Hey, you really need to give us some more info, otherwise it's just guess work.


----------



## Bada Bing Brewery (23/3/13)

Filbrew said:


> How big did you make the starter. If both your cubes have the same amount of wort in them and you pour half of one into the other wouldn't that mean you would have one cube with more in it than the other? For example in my case I have two both with 20lts in them if I split cube one and put it in cubes two I will have one with 10lts and the other with 30lts. Is that correct?

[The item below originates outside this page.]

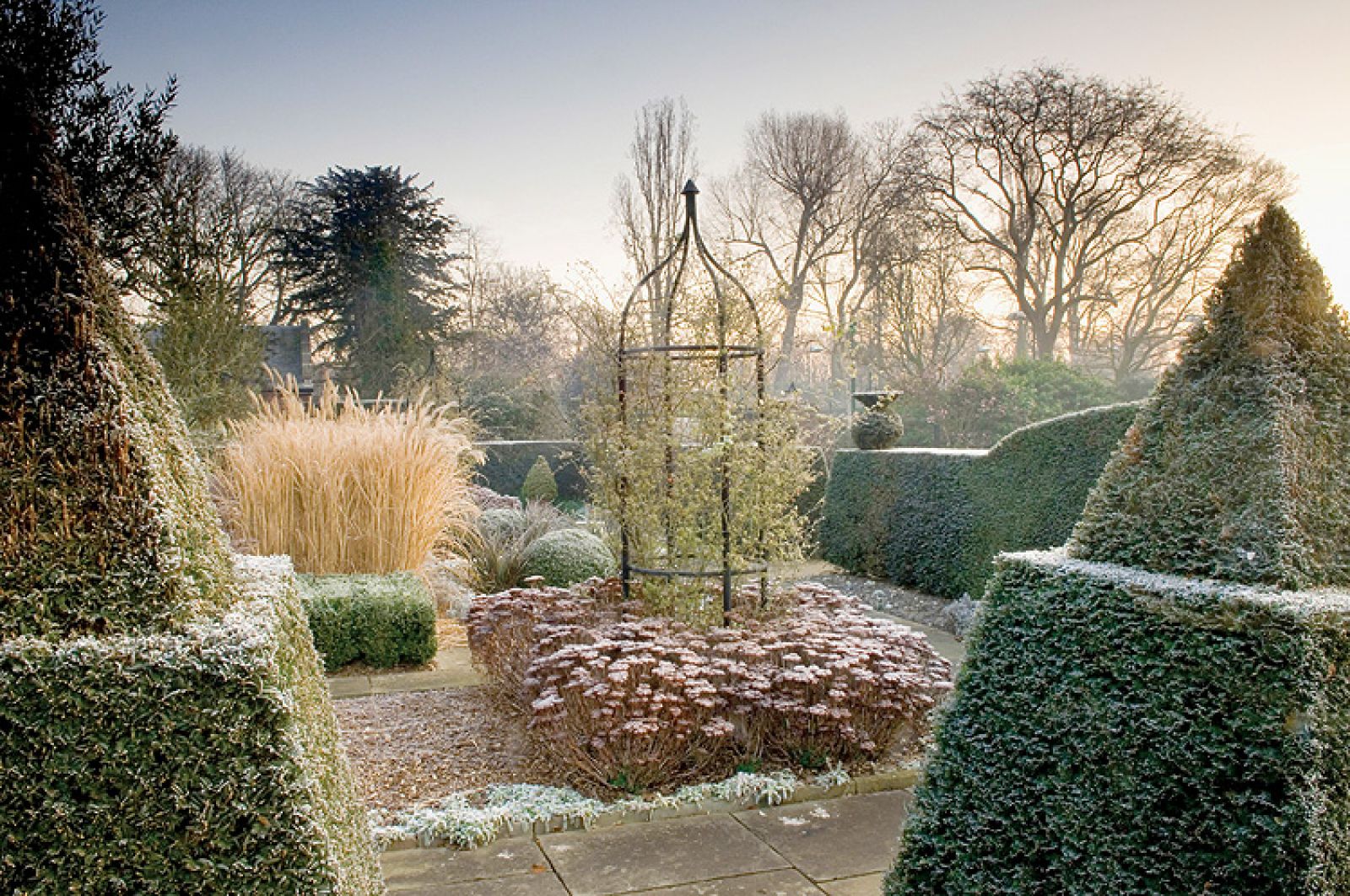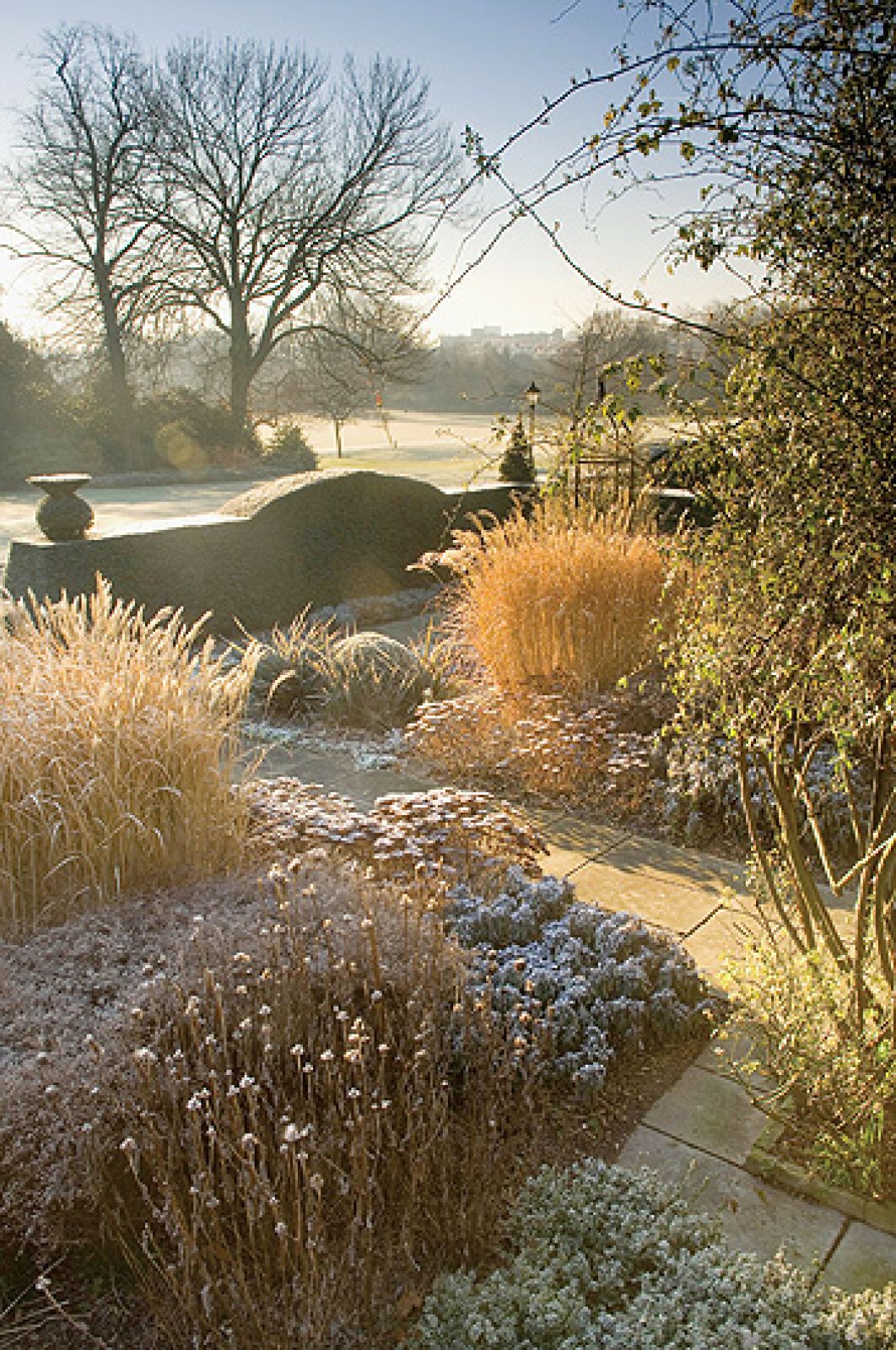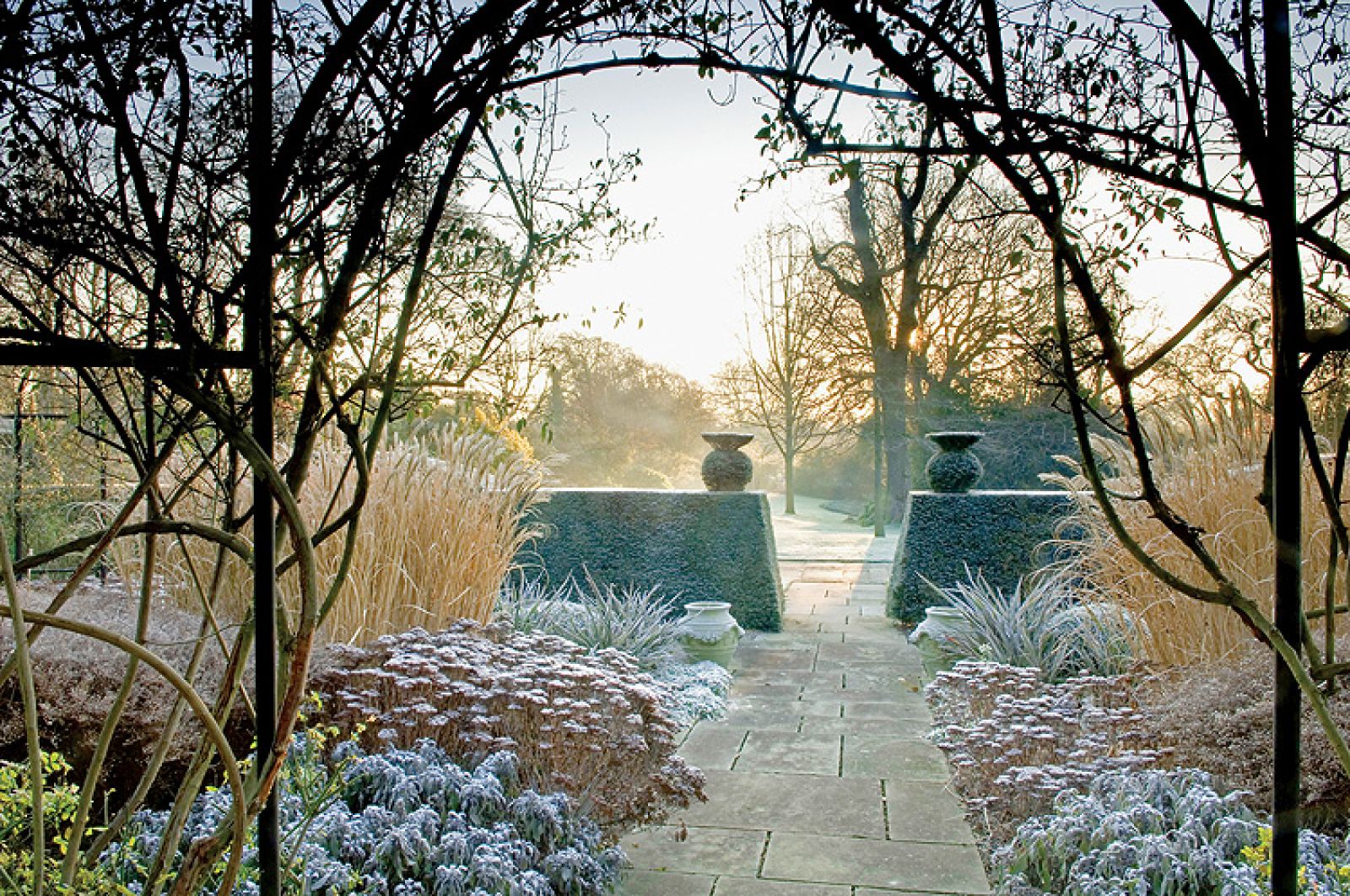 Zupełnie inaczej ogród wygląda zimą. Rośliny jednoroczne są specjalnie zostawiane w ziemi na czas mrozów, jeśli tylko, jak powiada ogrodnik, „umierają elegancko”, czyli zachowują ciekawe kształty po przekwitnięciu. – Zimą zmieniają się kolory i życie ustępuje miejsca mocnym cieniom rzucanym przez zimowe słońce i przytłumionym barwom przekwitniętych roślin wieloletnich – opowiada projektant. Jeżeli jeszcze do tego chwyci mróz i pojawi się szadź, ogród przeistacza się w prawdziwy cud natury.

Sorry - it's easy to do - difficult to explain. 
Cube 1 gets your starter and ferments for 24 hrs.
Grab a third empty cube (cube 3).
Pour 10L from cube 2 (wort) into cube 3
Then drop 10L of cube 1 into 2 and then 3.
You end up with 2 cubes ...
Cheers
BBB


----------



## Helles (23/3/13)

In Bundoora get 2pkts S-33 in freezer
Or a slurry of Wyeast 1272 mixed with 1084
All yours if you want it just tasted beer off of slurry still good


----------



## timmi9191 (23/3/13)

Spare in Blackburn.. 

It take the slurry of 1272 tho.. Love that yeast and by doors is way closer than Blackburn


----------



## filbrew (23/3/13)

All good guys just found a pack in the back of my beer fridge. Thanks heaps for all your Help and it's good to know that there a bunch of friendly brewers in the area willing to help. You guys rock. :beerbang: 

Cheers


----------



## Bada Bing Brewery (23/3/13)

Mate don't do it ... try the first option and keep the yeasties for another time.
Up to you, but, the above process is a really easy way to do doubles and use a fraction of the yeast. Make that starter and you are off and racing.....
Good luck
Cheers
BBB


----------



## bum (23/3/13)

Ahahaha

This "best answer" feature is the duck's nuts.


----------